Narasita.com- JAKARTA,— Ikatan Jurnalis Televisi Indonesia (IJTI) menggelar Konferensi Jurnalis Kampus Indonesia 2026 di Hall Dewan Pers, Jakarta, Kamis (4/6/2026). Kegiatan yang dihadiri ratusan mahasiswa dari berbagai perguruan tinggi di Jabodetabek itu menjadi ajang penguatan kapasitas dan regenerasi jurnalis muda di tengah tantangan disrupsi digital.

Konferensi yang ditujukan bagi pengelola Lembaga Pers Mahasiswa (LPM) dan mahasiswa Ilmu Komunikasi tersebut merupakan penyelenggaraan perdana di Jakarta. Kegiatan ini diinisiasi IJTI sebagai respons terhadap perkembangan teknologi yang mengubah lanskap industri media, sekaligus tekanan ekonomi global dan domestik yang memengaruhi keberlanjutan bisnis media.

Ketua Umum IJTI Herik Kurniawan mengatakan, keberadaan jurnalisme berkualitas semakin dibutuhkan di tengah derasnya arus informasi di media sosial.

“Di tengah gempuran media sosial yang terus menghantam masyarakat, muncul harapan dari ruang-ruang akademik. Jurnalis kampus menjadi motor penggerak sekaligus pilar masa depan yang akan meneruskan keberlanjutan jurnalisme profesional, independen, dan berintegritas,” ujar Herik.

Menurut dia, konferensi tersebut merupakan bentuk komitmen IJTI dalam mendampingi, membina, dan memperkuat ekosistem pers mahasiswa di Indonesia.

“Konferensi menjadi wadah strategis bagi para jurnalis muda untuk bertukar gagasan, meningkatkan kompetensi, dan merumuskan arah masa depan jurnalisme di Tanah Air,” katanya.

Dalam rangkaian kegiatan konferensi, IJTI juga menjalin kerja sama dengan Kementerian Ketenagakerjaan (Kemnaker) untuk meningkatkan kapasitas sumber daya manusia dalam menghadapi transformasi digital dan perkembangan teknologi kecerdasan buatan (Artificial Intelligence/AI).

Sekretaris Jenderal Kemnaker Cris Kuntadi mengatakan, kolaborasi tersebut diarahkan untuk menyiapkan generasi muda agar memiliki kompetensi yang relevan dengan perkembangan teknologi.

“Fokus utama kerja sama ini adalah menyiapkan generasi muda, khususnya jurnalis kampus, agar memiliki kompetensi yang relevan dengan perkembangan teknologi, termasuk pemanfaatan AI,” ujar Cris.

Komitmen tersebut ditandai dengan penandatanganan nota kesepahaman antara Sekretaris Jenderal Kemnaker Cris Kuntadi dan Ketua Umum IJTI Herik Kurniawan.

Nota kesepahaman yang berlaku selama tiga tahun itu mencakup pengembangan kapasitas sumber daya manusia, penguatan literasi ketenagakerjaan, serta pemanfaatan sarana dan prasarana pendukung.

Menurut Cris, media massa memiliki peran strategis dalam menyebarluaskan informasi ketenagakerjaan yang akurat, edukatif, dan mudah dipahami masyarakat.

“Kami di Kemnaker melihat bahwa disrupsi digital adalah keniscayaan yang harus dihadapi dengan kesiapan kompetensi.
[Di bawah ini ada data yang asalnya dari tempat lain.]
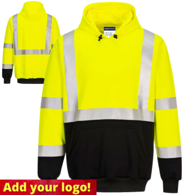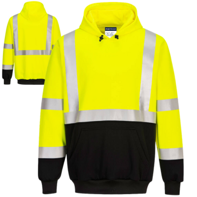 The Portwest UB324 Class 2/3 Two-Tone Hooded Sweatshirt offers an enhanced user visibility with reflective tape around chest, over shoulders and arms.  This pullover style sweatshirt features a black bottom to cover dirt and grime.
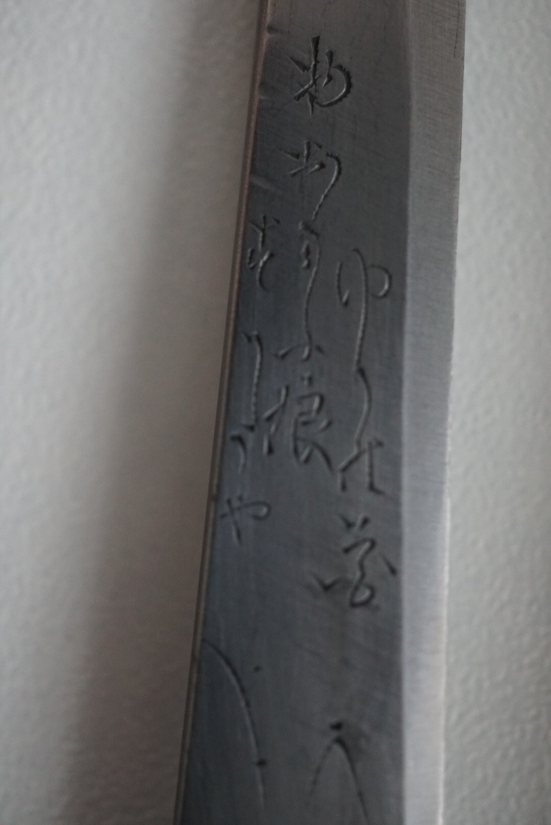 Hi Steve, At first, I had the same feeling about the kogatana and the saya. I have mixed feelings about the saya. It is obviously strange and it has the vibe of a tourist piece but on the other hand the fit is perfect. Why use a good kogatana to create such a saya. The poem intrigued me as well but I can't read even a part of it. Thanks for your reply. Regards, Ed
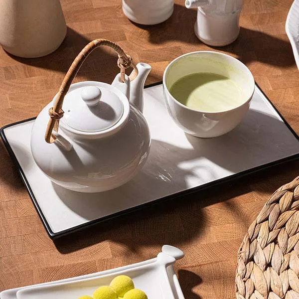 Блюдо для подачи фарфор ,H=15,L=300,B=170мм белый,черный
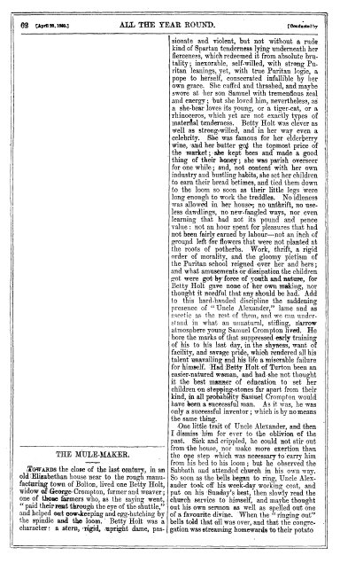 The Mule-Maker, Dickens, Charles. All The Year Round, April 28, 1860, 4 pages. Posted May 7, 2004. CD (HWDA10). SAMPLE PAGE. File size 820 KB PDF
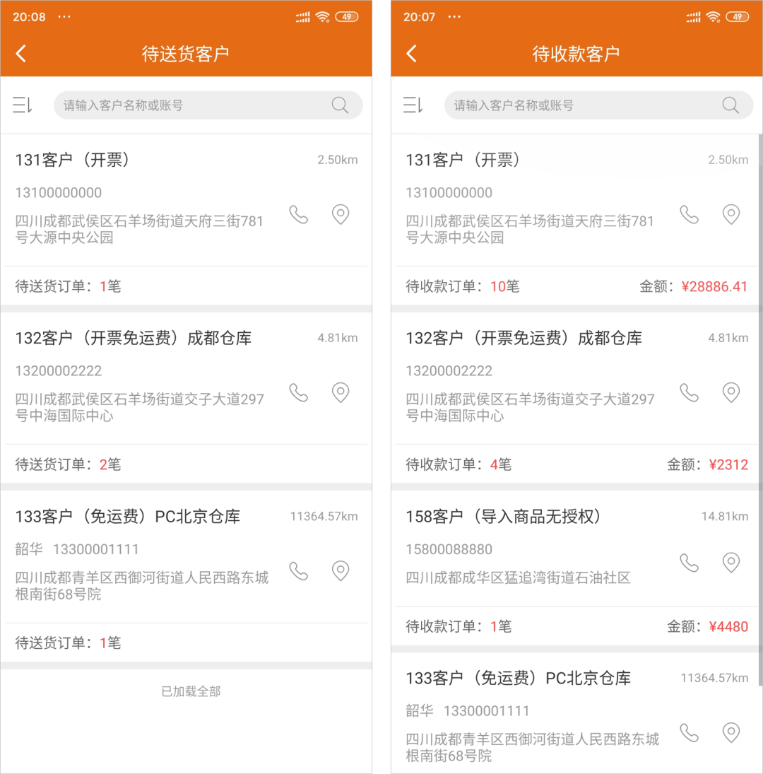 業(yè)務(wù)員送貨及收款列表頁(yè)優(yōu)化后,可以更直觀了解每個(gè)客戶需要送貨及收款的情況。
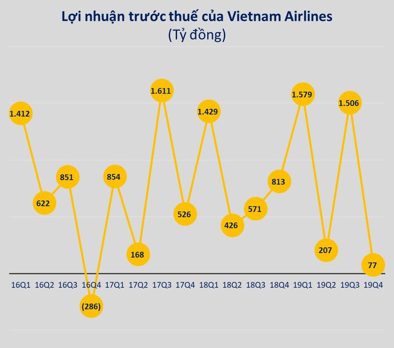 Với tính mùa vụ của ngành hàng không, quý IV/2019 tiếp tục là một quý cuối năm kém hiệu của HVN. Thậm chí, đây còn là quý kinh doanh kém hiệu quả nhất kể từ năm 2017 đến nay của Vietnam Airlines. Trừ quý IV/2016 bị lỗ 286 tỷ đồng thì 4 năm nay, chưa quý nào mà HVN lại lãi thấp đến vậy.
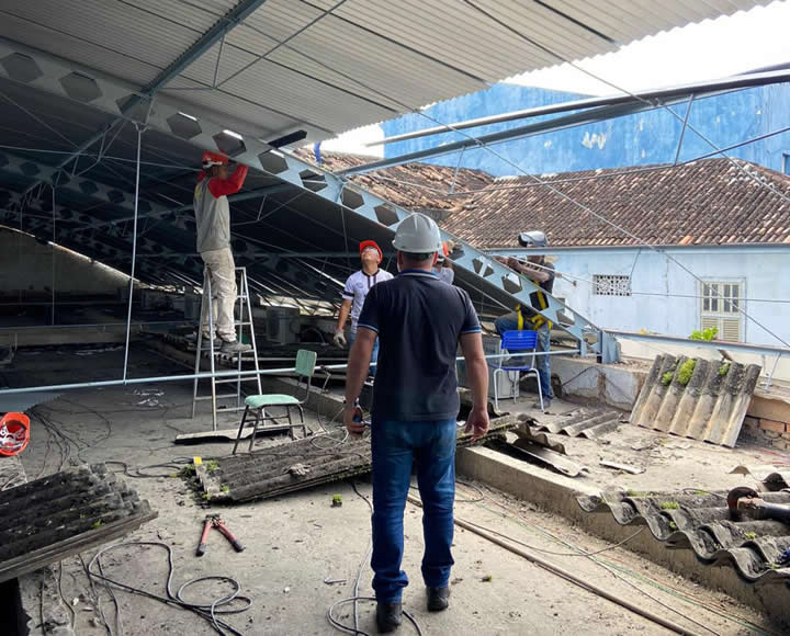 A Escola Mário Soares (antigo Cenecista), recebeu a equipe para uma visita técnica e encontrou o local com péssimas condições: a situação das cobertas, as telhas todas estragadas, muito problema estrutural e pingueiras. Inclusive, essa e outras escolas com esses problemas, passaram por reformas e foram entregues no ano passado.
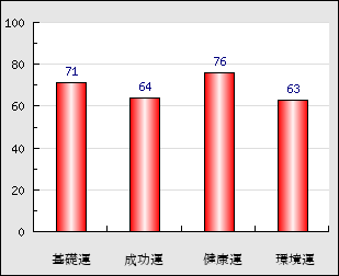 環境運 家庭や職場等での援助運・環境運を司ります。これが良いと配偶者や子供・職場の同僚などから助力が得られやすく、悪いと波乱・不和・孤独などがあります。 63点
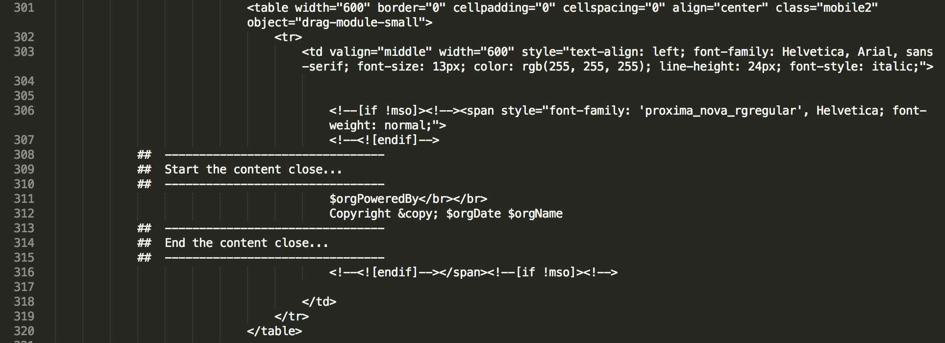 ## -------------------------------- ## Start the content close... ## -------------------------------- $orgPoweredBy Copyright &copy; $orgDate $orgName ## ------------------------------- ## End the content close... ## -------------------------------Now, I know what you're thinking. "Can I set these as global variables in simply parse that file and call the variable when I need it?" Unfortunately, not at this time.
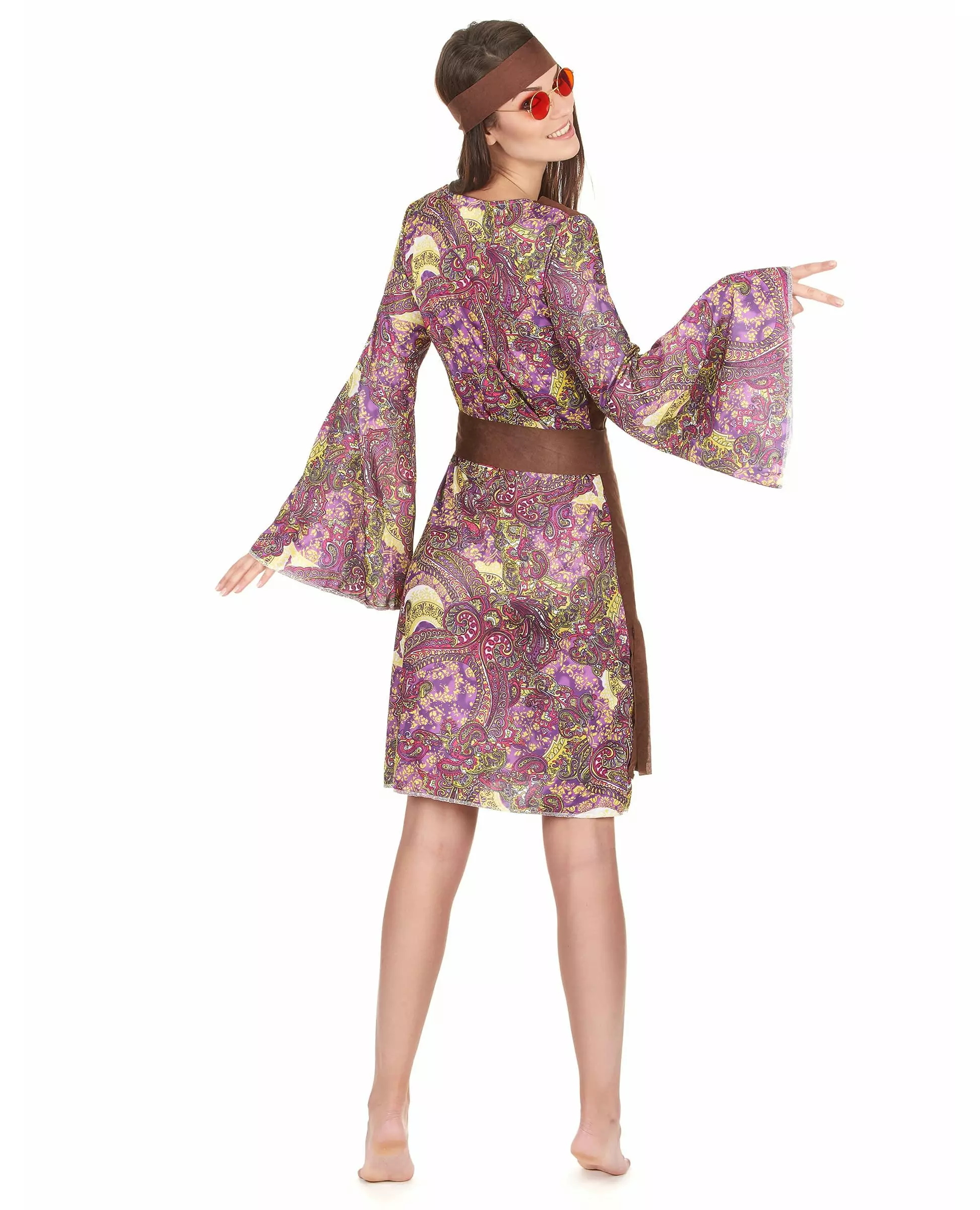 trendy hippie! This hippie costume for women consists of a dress, a headband, and a belt (others not included). The dress is mid-length and has long, flared sleeves. The print is a paisley pattern with a dominant pink color. Sewn directly onto it (only on the front) is a brown felt fringed vest. Thanks to the brown belt, you can cinch your waist with a simple knot. Finally, the headband will accessorize all your hairstyles. It is also brown. You will be perfect for a costume day with this costume worthy of the "Baba Cool" years. Accessories included: Dress with vest Headband Belt Material: 100% Polyester Care: Hand washable
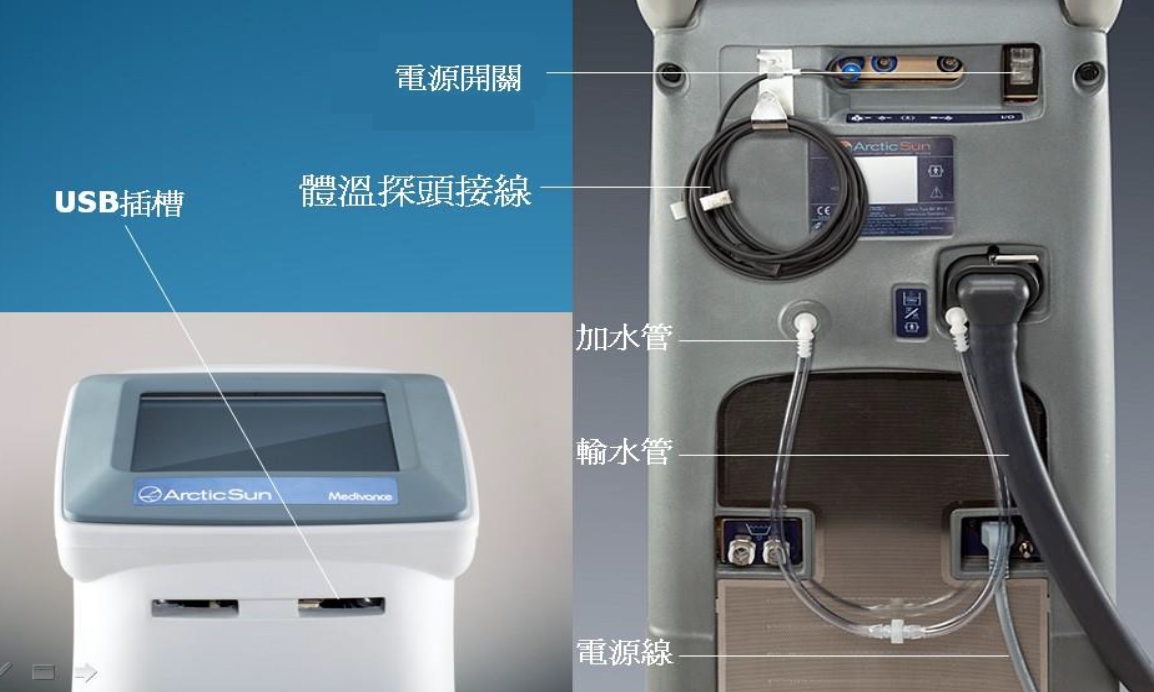 • Arctic Sun主機僅可使用蒸餾水或無菌水,若使用其他液體,將導致系統損壞。
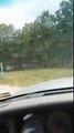 Un 4x4 croit qu'il peut passer une inondation sur une route
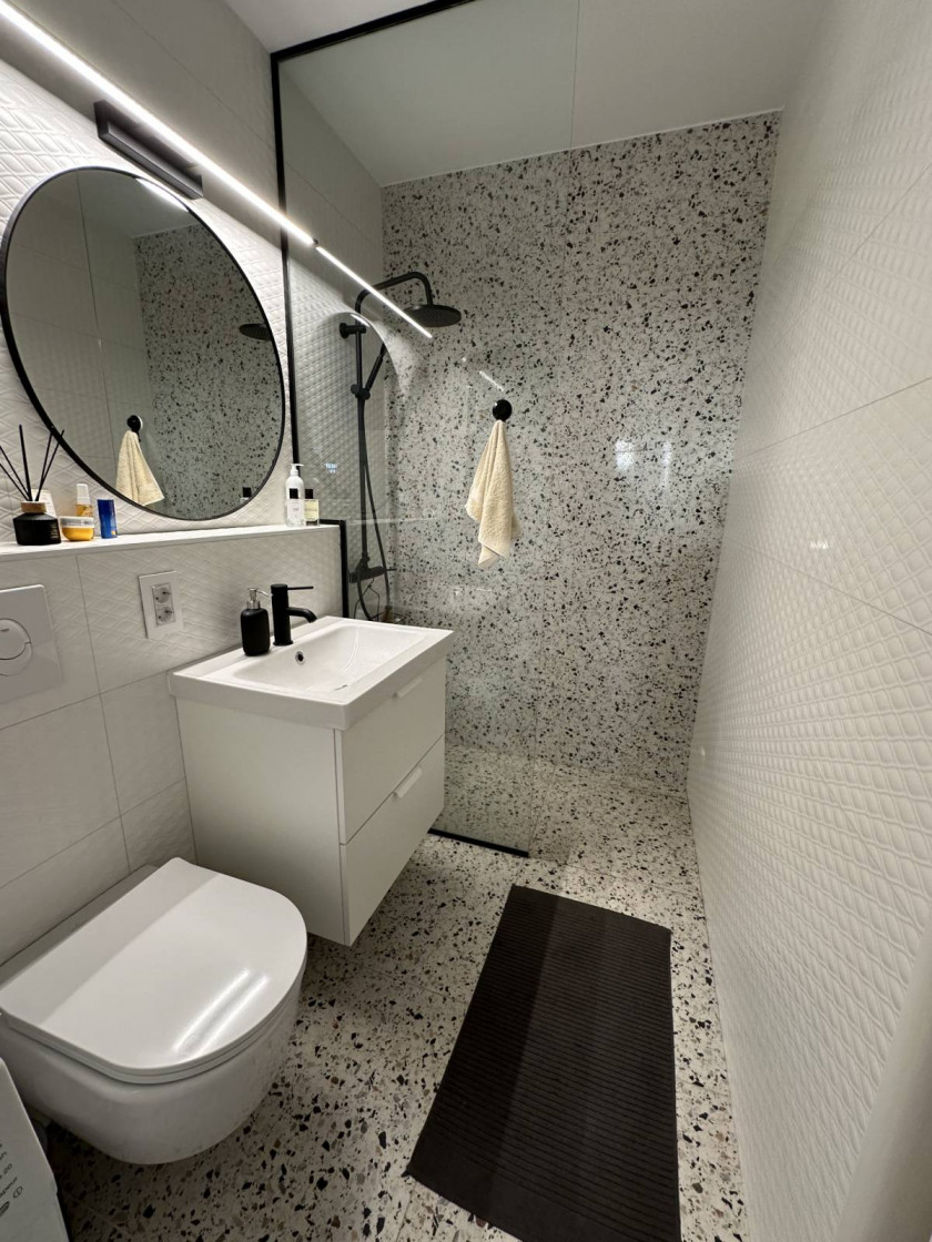 Stan ima 44m2 grejne površine, 20m2 terasa i 4m2 lođa, centralno grejanje, moderno je namešten i opremljen tehnikom Miele.
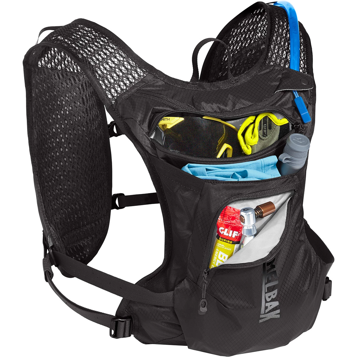 The CamelBak Chase Bike Vest is designed for those who want a minimal approach to carrying gear on the trails without sacrificing hydration or performance. Pack lighter and ride faster with focused features like quick access front harness and stretch overflow pockets. Stay cool and hydrated with 3-D vent mesh and the 1.5-liter fast-flow Cruxâ„¢ reservoir. This minimalist vest is thoughtfully engineered to take your mind off your gear so you can focus on the ride.
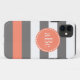 Dark grey and white stripes with a coral circle and space for a monogram.
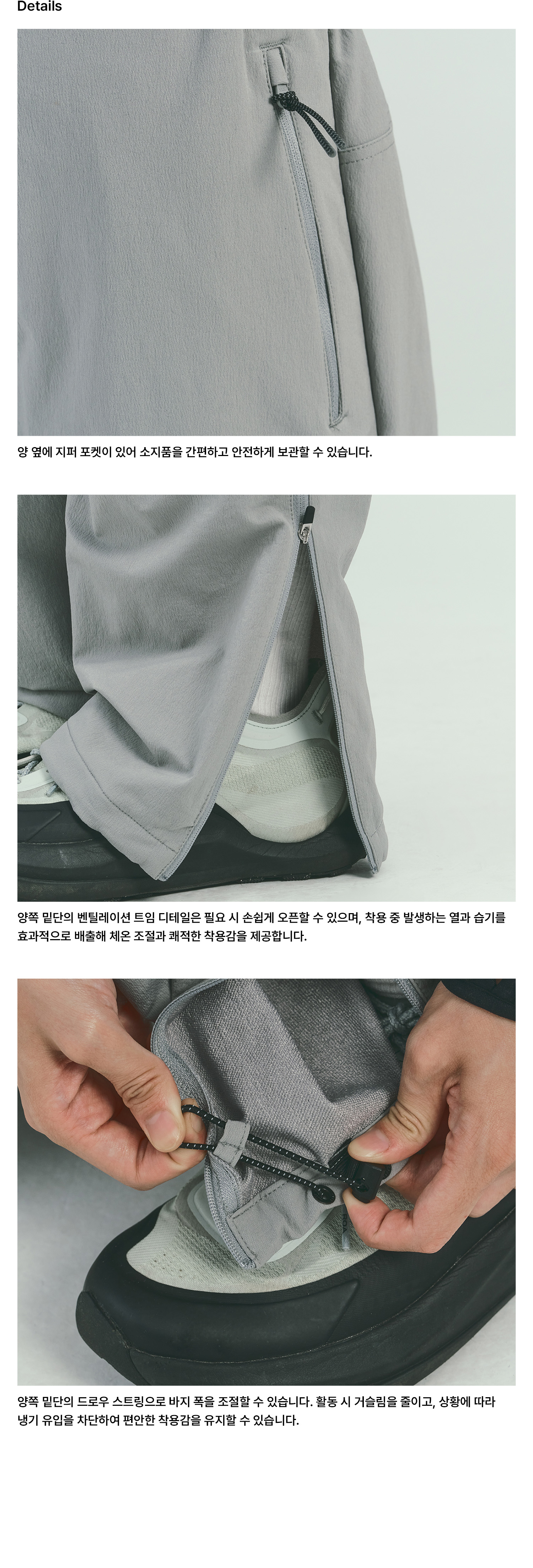 원단은 나일론·스판 혼방의 립스탑 스트레치(230gsm)로, 적절한 두께감 덕분에 여름을 제외한 3계절에 두루 착용하기 좋습니다. YKK 지퍼와 Woojin Plastic 부자재를 사용해 완성도를 높였으며, 밑단 지퍼 벤틸레이션과 3M 재귀반사 드로우 스트링, 재귀반사 프린트 디테일이 더해져 기능성과 스타일을 동시에 갖추었습니다.

Kolaborasi dengan IJTI ini sangat strategis untuk melakukan upskilling dan reskilling secara berkelanjutan,” katanya.

Selain membahas penguatan kapasitas jurnalis muda, Konferensi Jurnalis Kampus Indonesia 2026 juga menghasilkan sejumlah rekomendasi. Salah satunya adalah penolakan terhadap segala bentuk intervensi, intimidasi, maupun sensor dari pihak kampus maupun pihak eksternal yang dapat mencederai independensi dan kemerdekaan pers mahasiswa.

Peserta konferensi juga mendorong Dewan Pers untuk memberikan perlindungan terhadap pers kampus. Selain itu, konferensi menyerukan penguatan solidaritas antar-Lembaga Pers Mahasiswa guna saling melindungi, mendampingi, dan membela sesama anggota dari berbagai bentuk kriminalisasi terhadap karya jurnalistik.

Konferensi ini diharapkan menjadi momentum penguatan peran pers mahasiswa sebagai ruang pembelajaran jurnalistik sekaligus pilar regenerasi jurnalisme profesional di Indonesia.